Statistical and machine learning methods for recommender systems in a complex, high dimensional, online marketplace.

Alternative title: Maskinlæringsmetoder for anbefalingssystemer i komplekse og høydimensjonale internettmarkedsplasser.

Awarded: NOK 1.7 mill.

Project Manager:

Project Number:

294330

Project Period:

2018 - 2023

Funding received from:

Organisation:

Location:

This project is a cooperation between University of Oslo and FINN.no. It is concerned with developing novel statistical and machine learning methodologies in the area of recommendation systems: matching relevant content (items) to users in an online marketplace, where there is a large number of items and the information about each item and user is very limited. Marketplaces are platforms where users buy and sell various types of items. The items can range from low-value ones such as books and clothes to high-value ones such as cars and real estate properties. Sellers can also post non-tangible items such as job openings and services. Many marketplace sellers are non-professional individuals selling used items. A marketplace is similar to a e-commerce platform, but has a very large number of unique items across multiple categories from a very large and fragmented seller group. The project is focusing on how recommender algorithms can effectively explore what items a users wants, how the algorithm can propose a diverse set of items to the user, how to assign delayed user feedback into the algorithms and how to effectively use content information such as images, text and structured data in order to give the most relevant recommendation to the user. The algorithms will be developed and tested both in offline and online experiments.

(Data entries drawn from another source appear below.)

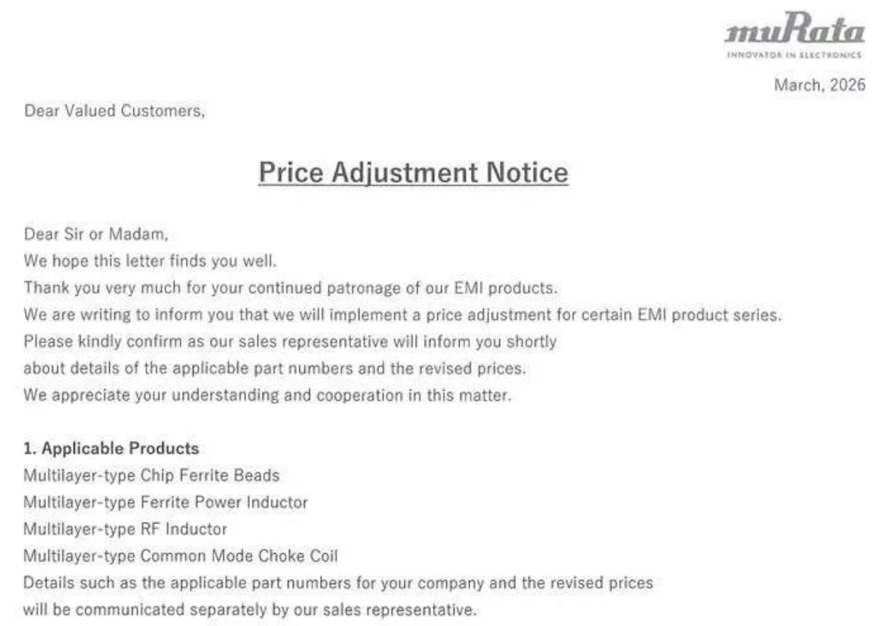 根据TrendForce 3月17日新闻,据中国台湾《自由时报》援引公司客户通知,日本村田制作所已正式宣布将在四个产品类别中调整价格,涵盖叠层片式铁氧体磁珠、叠层铁氧体功率电感、叠层射频电感及叠层共模扼流线圈,预计将于2026年4月1日生效。(该消息来源的涨价函中,涨价品类仅限于电感,不包括电容)
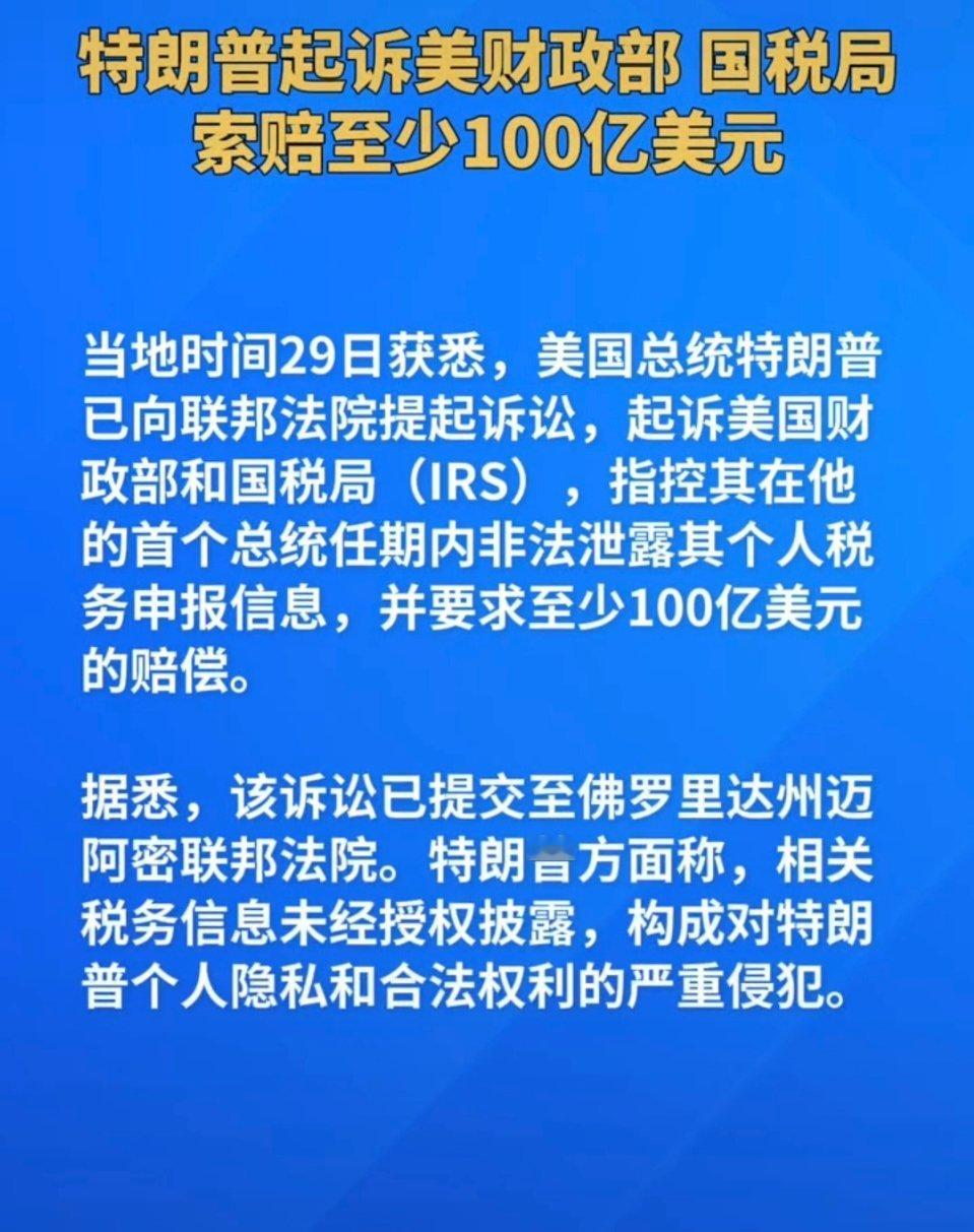 懂王起诉美国税局财政部索赔100亿美元!爽文都不敢这么写!
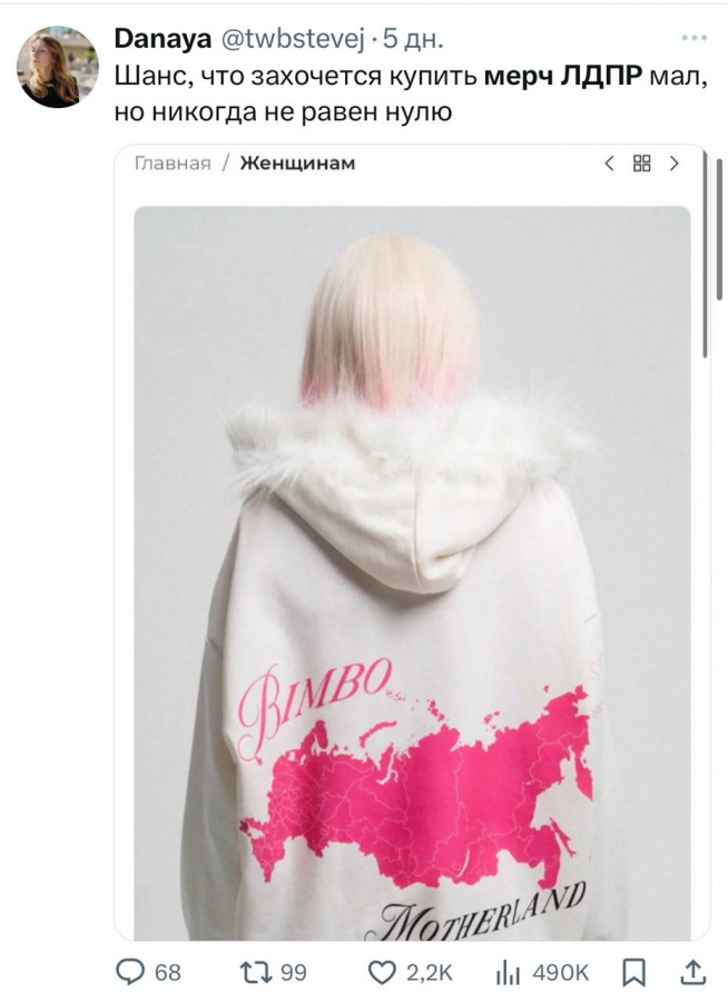 Нас постоянно спрашивали, какое внешнее агентство разрабатывало дизайн. Отвечаем: это полностью наша работа. Мы сами проходим весь путь — от идеи до воплощения. В коллекции «ЛДПР х Dead Blonde» мы хотели совместить дерзость и патриотизм, сделав их не противоречащими, а дополняющими друг друга понятиями. Розовый цвет и «бимбо-эстетика» — это наш способ говорить о серьезных вещах без пафоса, с иронией и стилем.
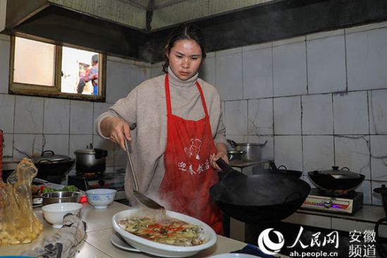 王雷妻子丁凤正在为上岛的客人准备午餐。张俊 摄
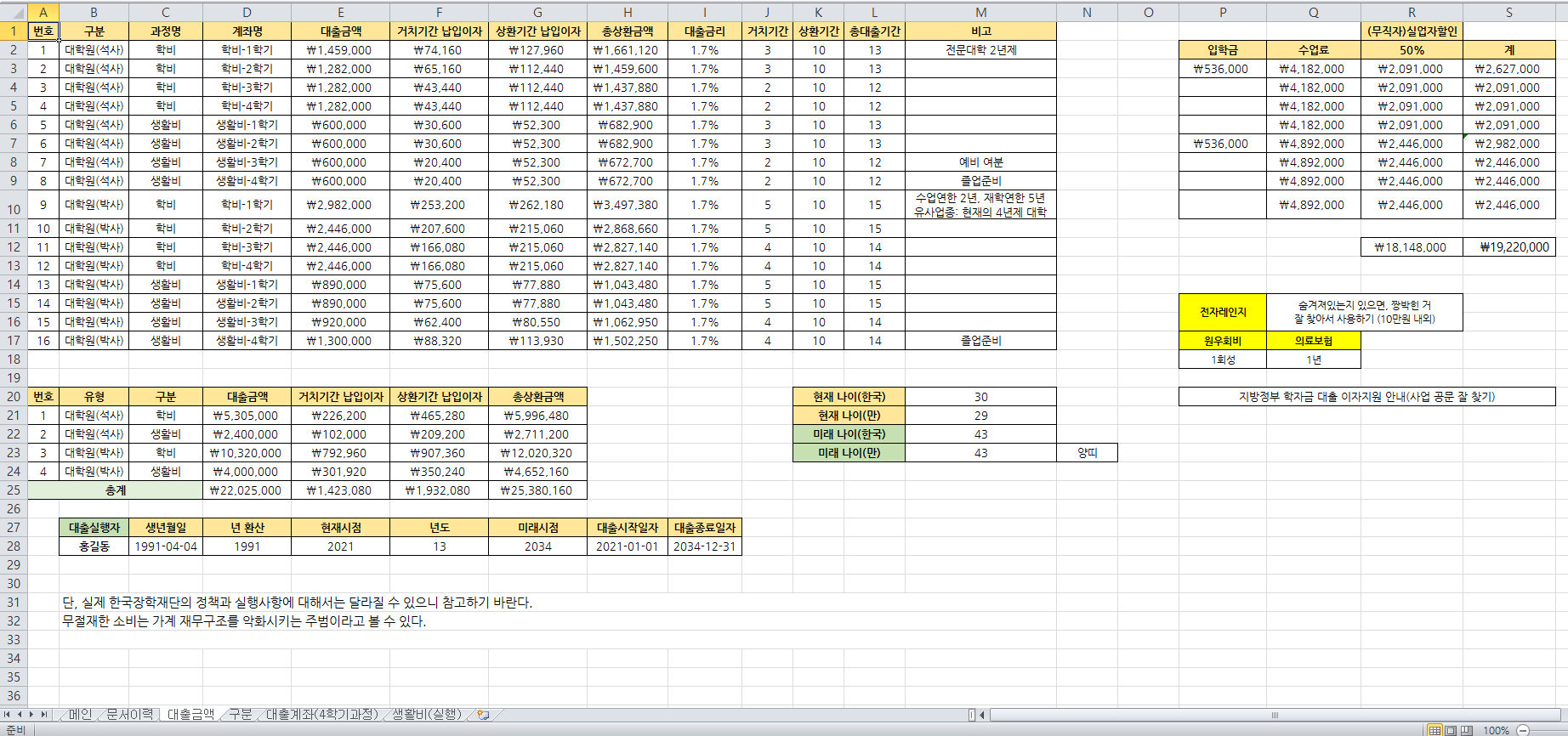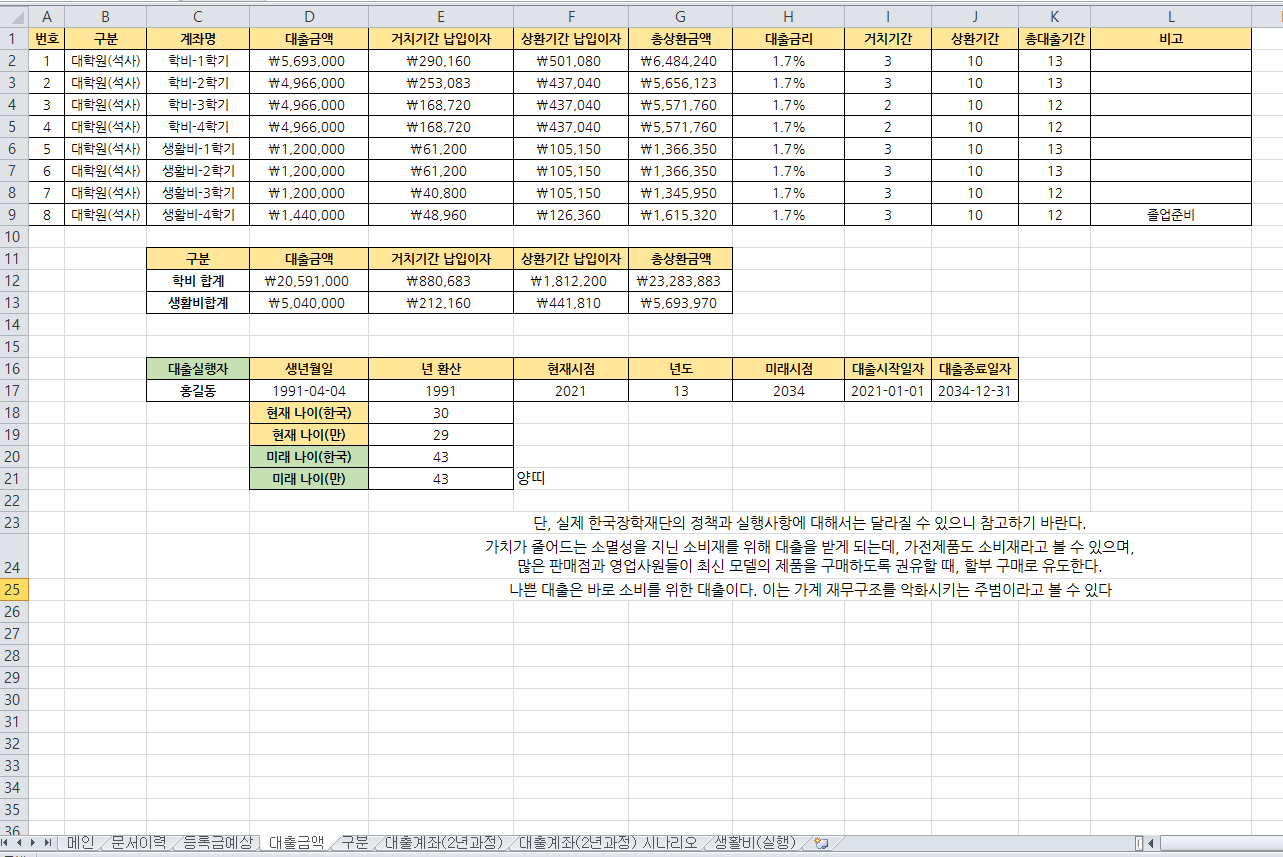 학자금 대출과 생활비 대출에 대한 현금흐름 시나리오에 대해서 살펴보았다.
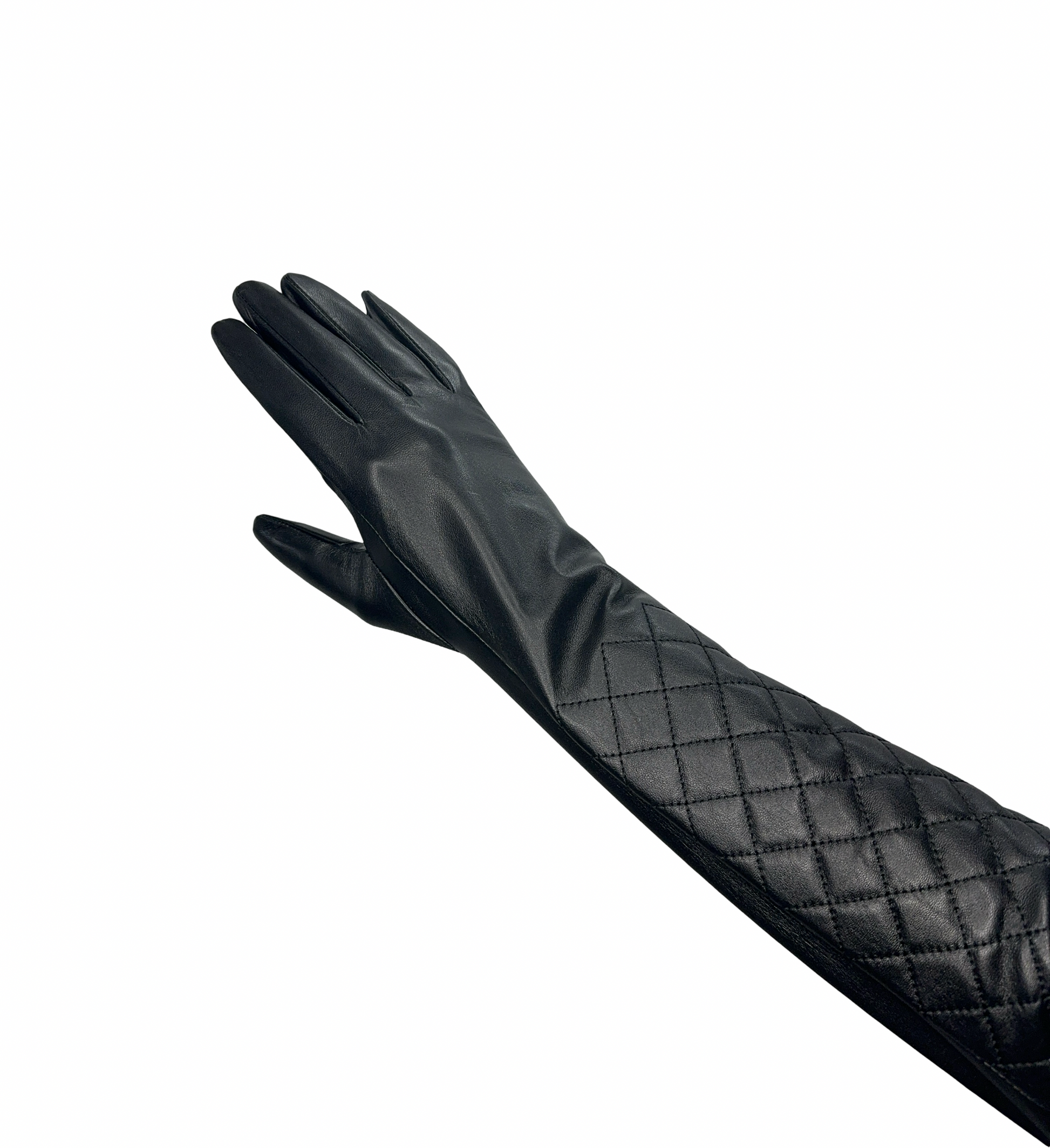 Hvis du søger et unikt og luksuriøst look, så vælg disse sorte lange læderhandsker med smuk quiltet syning. Handskerne er lavet af blødt kalvelæder og har en længde på 46 cm, hvilket giver en sofistikeret og praktisk beskyttelse mod kulden. Den fine syning tilføjer et ekstra element af stil.

The project have successfully A/B tested around 10 different machine learning algorithms in FINN.no's recommendations products. Multiple of these have been successful and replace existing recommender systems. There is ongoing work on academic writing of some of these results. During the last period the project has, in addition to testing different machine learning algorithms for the recommendations products in FINN.no, published, made available and promoted a data set that is more suited for recommendations products for an online marketplace. The data set is more rich on information that could be beneficial to know when calculating what is the most relevant item. This type of information has previously not been publicly available.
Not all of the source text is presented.